Very recently, there have been a large number of news reports alerting the public about possible dangers of vaping after 5 deaths and 450 possible causes of vape-related lung illnesses were reported across 33 states in the USA.
Whilst it is unclear what the exact cause is, it is believed that chemicals like Vitamin-E acetate which are used to emulsify THC (tetrahydrocannabinol)and CBD (cannabidiol) in illegal and unregulated vapourisers are the likely culprit.
In view of these, the public are actively being advised against using e-cigarettes.
Given these recent concerns about vaping, I thought it would be apposite to write an article on what we know so far about e-cigarettes and vaping and effects on heart.
E-Cigarettes first entered the market in china in 2003. They subsequently entered the US and European markets in 2006 so they have only been around for 10-15 years and therefore research around their long-term safety is not available.
E-Cigarettes are battery-operated devices which heat a liquid which usually contains nicotine, thereby producing a vapour which the user inhales. The vapour emulates but is not tobacco smoke. This process simulates the experience of smoking a traditional cigarette but no combustion occurs.
The main ingredients of the liquid which is vapourised are Nicotine (although some are nicotine-free), propylene-glycol or glycerol and flavourings. In addition, other compounds such as tin, lead, manganese, nickel, chromium and even arsenic have been found in e-cigarette liquids and vapours.

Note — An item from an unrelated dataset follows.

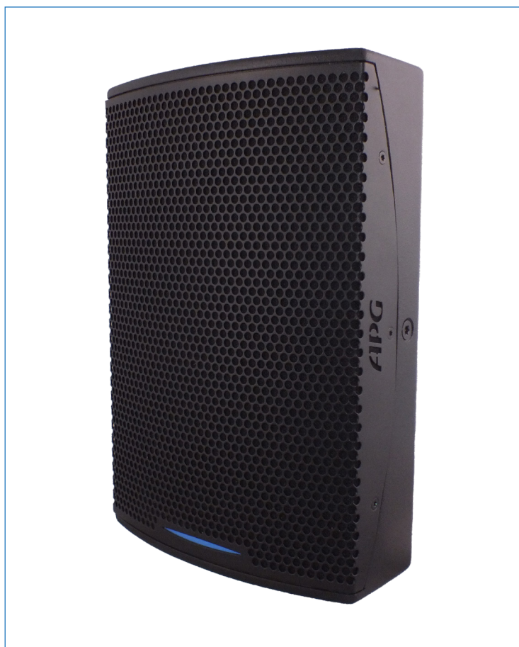
Enceinte iX8 M2

L'iX8 M2 est une enceinte satellite optimisée pour la sonorisation de haute précision en installation fixe en intérieur. Ses dimensions réduites la destinent à la sonorisation des petites surfaces ainsi qu'à la couverture répartie de grands espaces devant respecter un critère de discrétion.

In terms of nicotine content, the range varies from none (nicotine-free) up to 36 mg/ml. Common concentrations that are sold in multiples of 6mg/mL
In terms of effects on health, the first thing to say is we simply don’t have any research telling us about whether in the long -term e-cigarettes are safe or not (e.g. in terms of the risk of causing cancer)

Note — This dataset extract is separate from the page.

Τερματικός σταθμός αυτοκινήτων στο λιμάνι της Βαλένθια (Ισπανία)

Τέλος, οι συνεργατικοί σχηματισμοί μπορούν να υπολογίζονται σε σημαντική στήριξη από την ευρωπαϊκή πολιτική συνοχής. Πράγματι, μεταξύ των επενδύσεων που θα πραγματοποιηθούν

Potential risks are related to the exposure to nicotine as well as in the components of the vapour produced by the device.
Much of what is known about nicotine is available from studies in traditional smokers and therefore it is difficult to be absolutely certain of how much of what we know is due to the effects of combustion products and how much is due to the nicotine itself. Studies using nicotine gum or even nicotine spray have suggested that nicotine increases the heart rate by about 10-20 beats and increases the blood pressure by 5-10 mmHg. Experiments have also shown that nicotine reduces blood flow in cardiac blood vessels (coronary arteries) by causing them to constrict. Nicotine has also been shown to reduce heart function if you already have pre-existing heart dysfunction.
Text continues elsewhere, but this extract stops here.